I always liked Technetcast and now I’m listenting to it’s spiritual descendent, IT Conversations. It’s a collection of presentations and lectures from various conferences around the world, all in mp3 format. So I copy them onto my mp3 player, and I get to listen to Steve Wozniak telling his life story while I’m at the gym, or Stephen Wolfram talking about physics as I cycle somewhere.

This is the kind of thing that The Future always promised when I was younger. I can have video chats with my family over the internet. I can listen to audio lectures anywhere I want on a tiny portable device. I can check my email using GPRS halfway down a mountain biking trail. I can watch a degree level course on electromagnetism from MIT whenever I want, from the comfort of my own flat.
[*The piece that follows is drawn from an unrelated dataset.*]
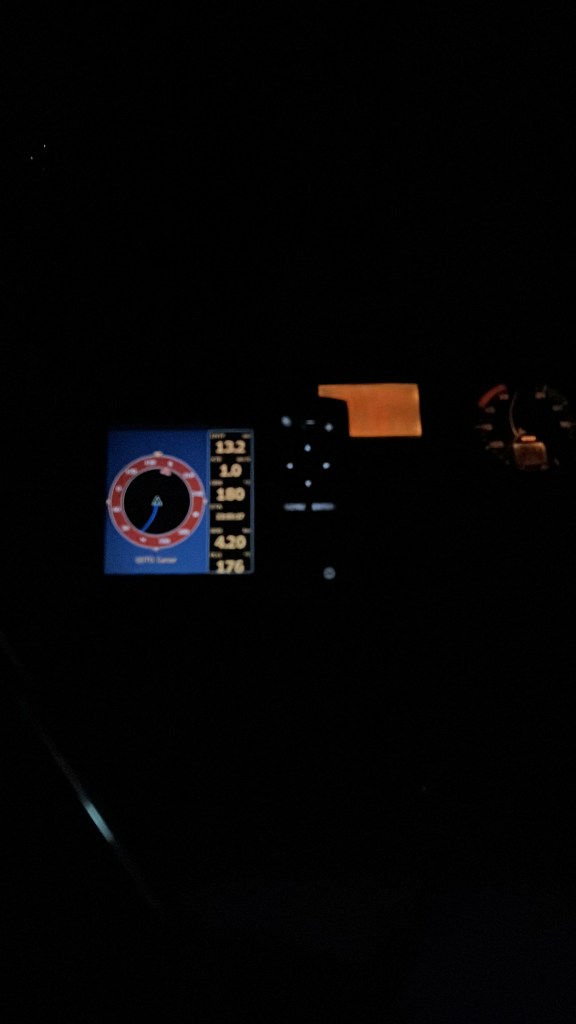 Somit bezog ich den Platz am Navigationstisch. Manu war am Steuer und folgte dem elektronischen Kompass sowie dem normalen Kompass, je nachdem, was ich ihr über das Walkie Talkie durchgab. Da der Motor lief waren diese Geräte Gold wert. Obwohl Manu nur wenige Meter von mir entfernt draußen am Steuer stand, war der Motor zwischen uns und somit eine Verständigung schwierig. Im Bild rechts seht ihr unseren kleine Plotter im Cockpit mit der Steueransicht auf den Waypoint zu. Leider ist die Beleuchtung des Hauptkompasses ausgefallen, so haben wir uns mit einem Partyknicklicht ausgeholfen.
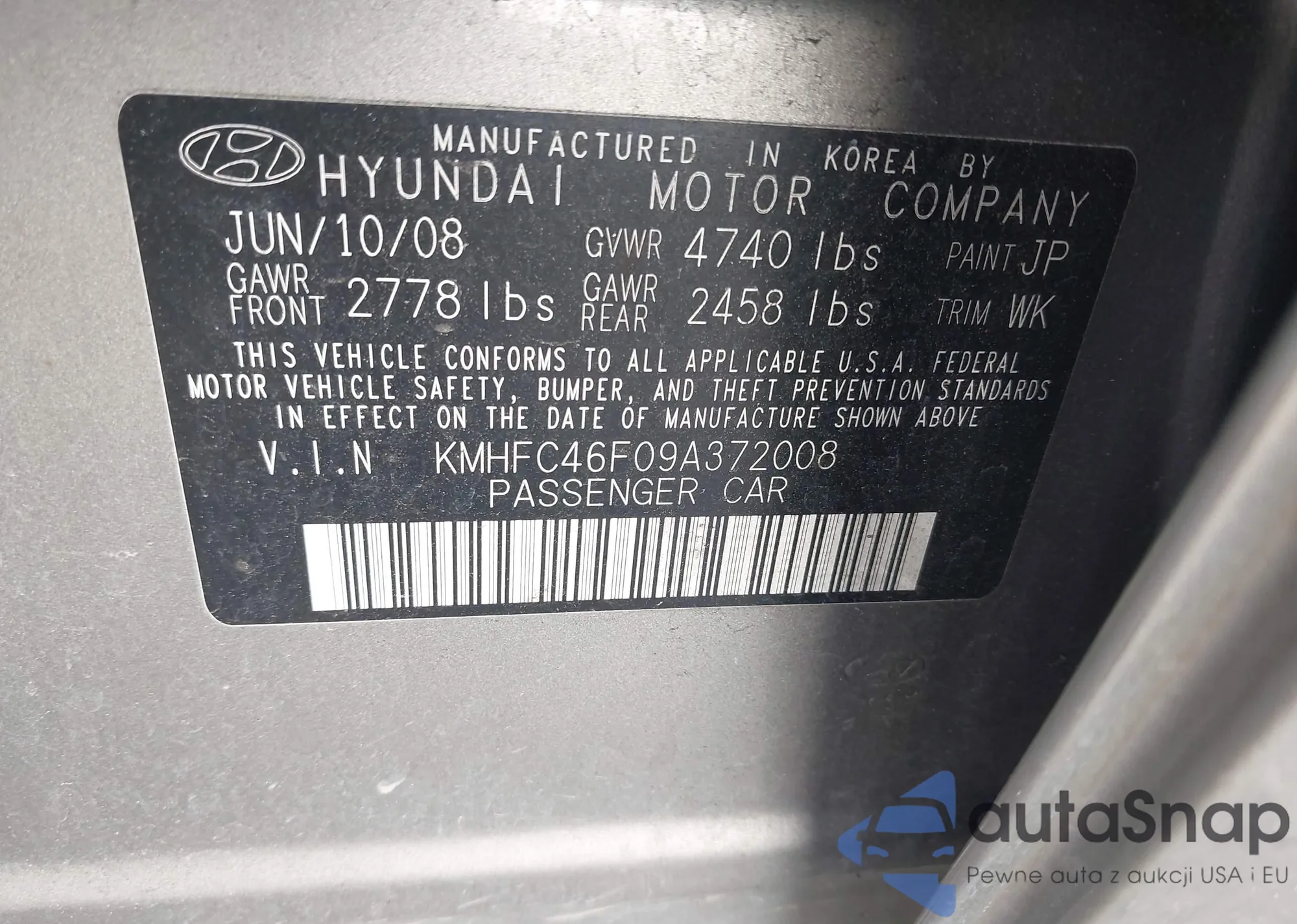 LOT: 42324933 VIN: KMHFC46F09A372008

Okay, so we don’t have teleporters yet. And hard AI didn’t do so well. But, all things considered, the Future is doing pretty well.

Extreme Extreme

A while ago, I had the idea of always giving your customers a specially instrumented version of your product. The application would know what lines of code had been executed during your testing phase, and whenever the user ran a bit of code which hadn’t been tested pre-release, a dialog box would popup saying “Hey, you’re running code which we didn’t bother to test!”. How would you feel about doing that for your application?

Anyway, I stumbled across Guantanamo today which takes that one step further. It runs your unit tests, find any lines of code which haven’t been executed during the tests *and deletes them* from your source code. If they’re not being test, they’re not going allowed to exist. Heh, how cool is that?